━━ RECORDS SUPPLIED
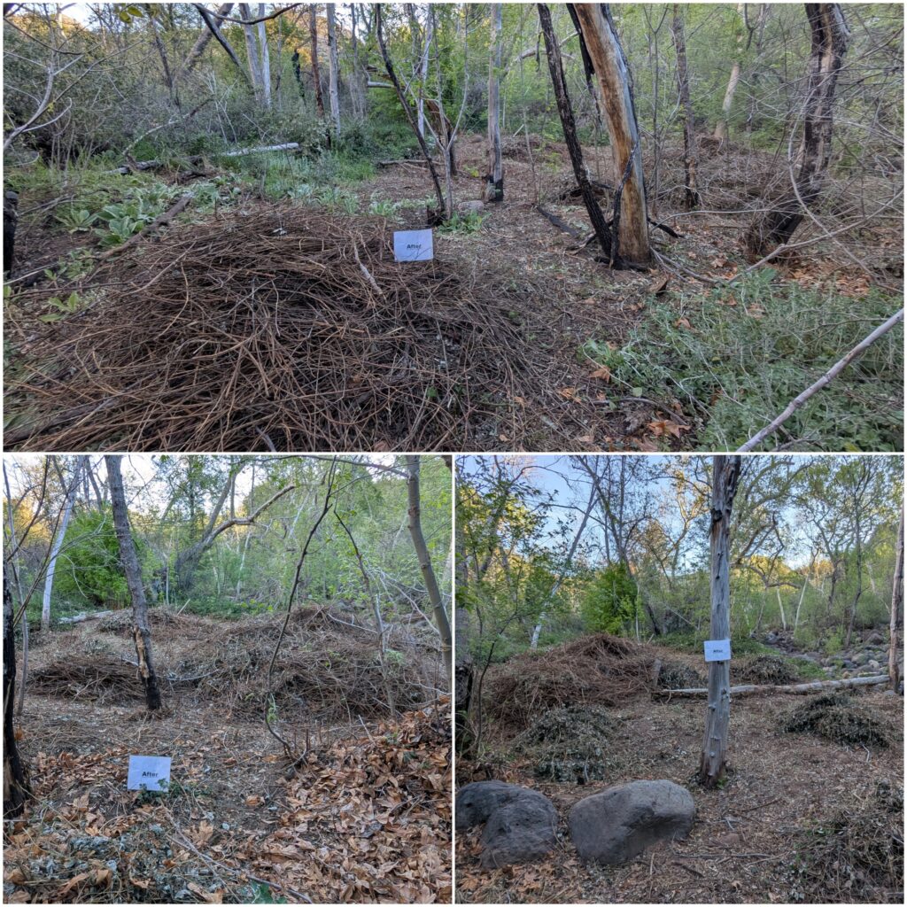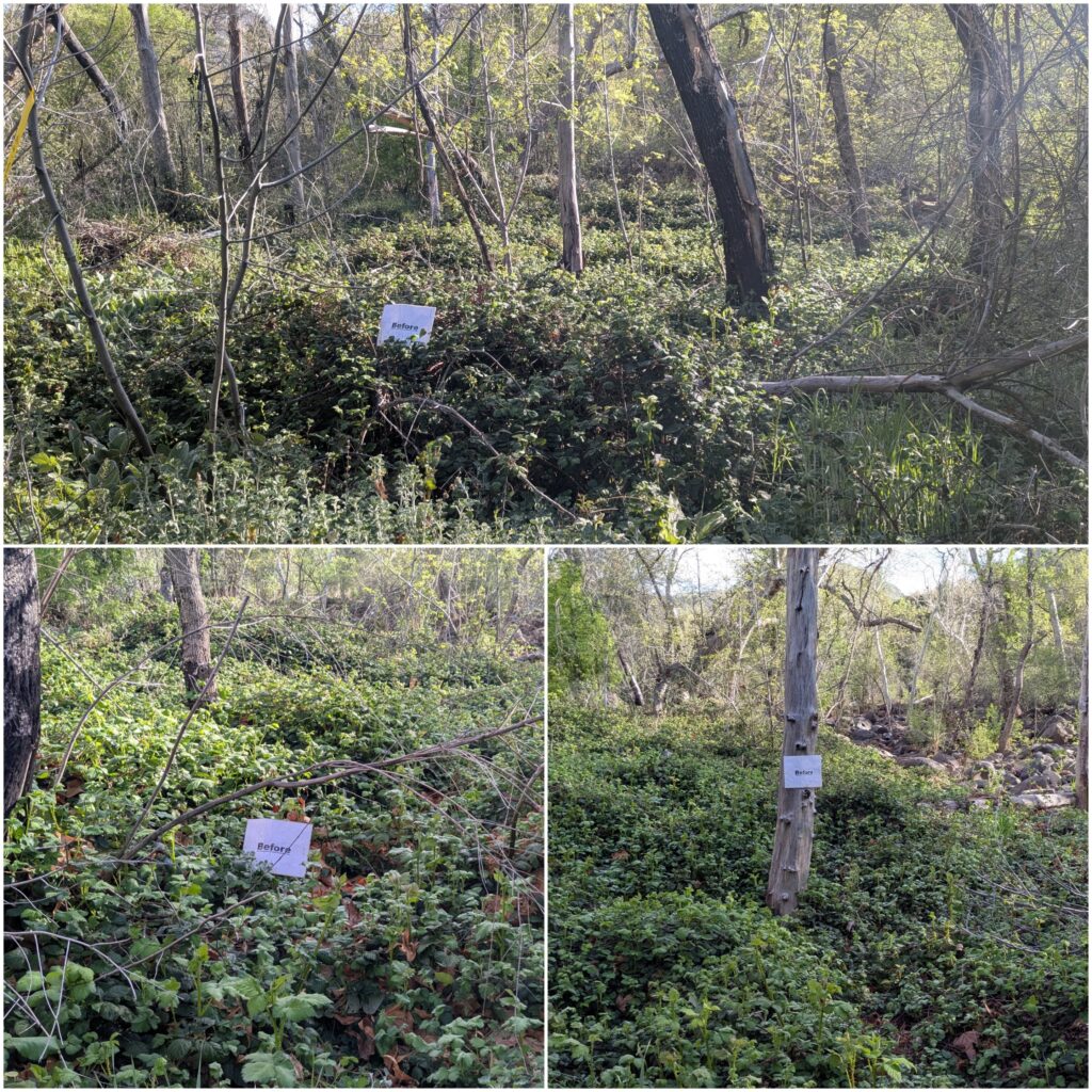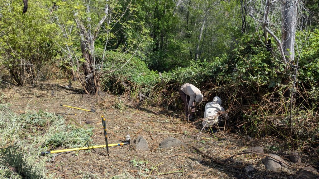 In total we cleared 0.11 acres of Blackberry, cutting and applying herbicide to 17,282 stems in total. We spent three days working in the highest upstream patch of Blackberry (site 1) removing 0.08 acres and dabbing 9,993 stems with herbicide. We then spent three days working near the main public camping area (site 2) removing 0.03 acres and dabbing 7,289 stems with herbicide. Site 2 was more technical due to working around native Box Elders and removing downed trees to access the Blackberry.
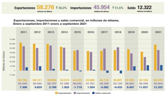 La Argentina es un país sustancialmente agroexportador, y en 2021 consolidó esa posición. En 9 meses de 2021 se llegó a exportar por más de 58.000 millones de dólares, un resultado exportador que no se observaba desde hace mucho tiempo, precisamente desde 2013.
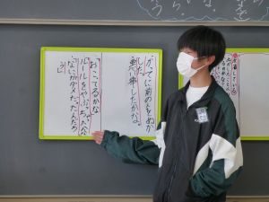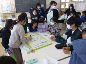 他校からお客様をお迎えしての全校道徳となった今回、昨日までの職員の準備も功を奏し、児童一人一人が本時のテーマに主体的に向き合い、活発な話合いや発表、振り返り等のアウトプットを見ることができました。異学年集団での「考え、議論する道徳」が深まりを見せた今回となりました。
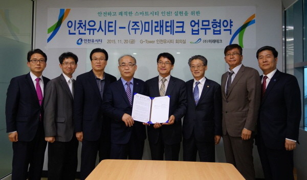 인천유시티(대표 이인우)는 최근 하이브리드 가로등 전문생산업체인 ㈜미래테크(대표 박희천)와 신재생에너지를 활용, 쾌적하고 안전한 스마트시티 구축방안을 마련하기 위한 업무협약식을 가졌다고 20일 밝혔다.
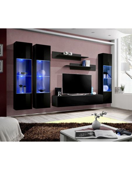 Banc TV avec une porte abattante derrière laquelle il y a 3 compartiments de rangement. Vitrine à suspendre en verre avec 2 compartiments fermés. Composée de 3 étagères en verre avec le triple éclairage LED bleu, visibles également lorsque la porte est fermée. Deux étagères murales sont incluses. Tous les fronts sont en PVC à haute brillance. Les portes à système d?ouverture «pousse-lâche».
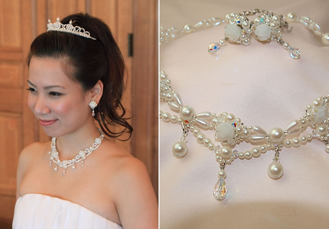 小粒のパールとビーズが上品なティアラと組み合わせたセットです。
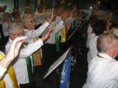 De zeemansmedley bracht de stemming er direct in. Ook de serieuzere nummers vonden gretig gehoor. Na de pauze was er gelukkig meer publiek en er werd meegezongen en ook een polonaise en een dansje zorgden voor veel gezelligheid.
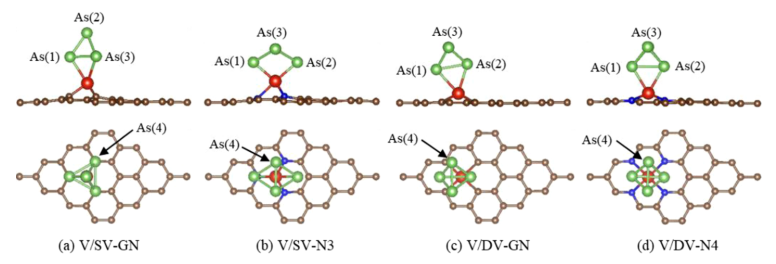 4在不同碳基單原子Ti/V/Cr/Mn吸附劑(氮原子摻雜、單空位和雙空位)表面的吸附特性。分析了單原子吸附劑的幾何形狀、吸附構(gòu)型、吸附能、電子結(jié)構(gòu)、電子密度等數(shù)據(jù)。通過(guò)對(duì)比分析16種吸附劑的計(jì)算結(jié)果,發(fā)現(xiàn)雙缺氮摻雜基底的催化劑具有較高的穩(wěn)定性。通過(guò)對(duì)電荷轉(zhuǎn)移和態(tài)密度的分析,發(fā)現(xiàn)單原子吸附劑催化劑對(duì)As
━━━━
■ **INSTRUCTIONS TO FOLLOW**:
Find where the line with "La Argentina es" sits in the material above and where the line with "他校からお客様をお迎えしての" sits. Set down exactly the lines from the first to the second, both included and nothing else, without pictures.

■ **RESPONSE AREA**:
 La Argentina es un país sustancialmente agroexportador, y en 2021 consolidó esa posición. En 9 meses de 2021 se llegó a exportar por más de 58.000 millones de dólares, un resultado exportador que no se observaba desde hace mucho tiempo, precisamente desde 2013.
 他校からお客様をお迎えしての全校道徳となった今回、昨日までの職員の準備も功を奏し、児童一人一人が本時のテーマに主体的に向き合い、活発な話合いや発表、振り返り等のアウトプットを見ることができました。異学年集団での「考え、議論する道徳」が深まりを見せた今回となりました。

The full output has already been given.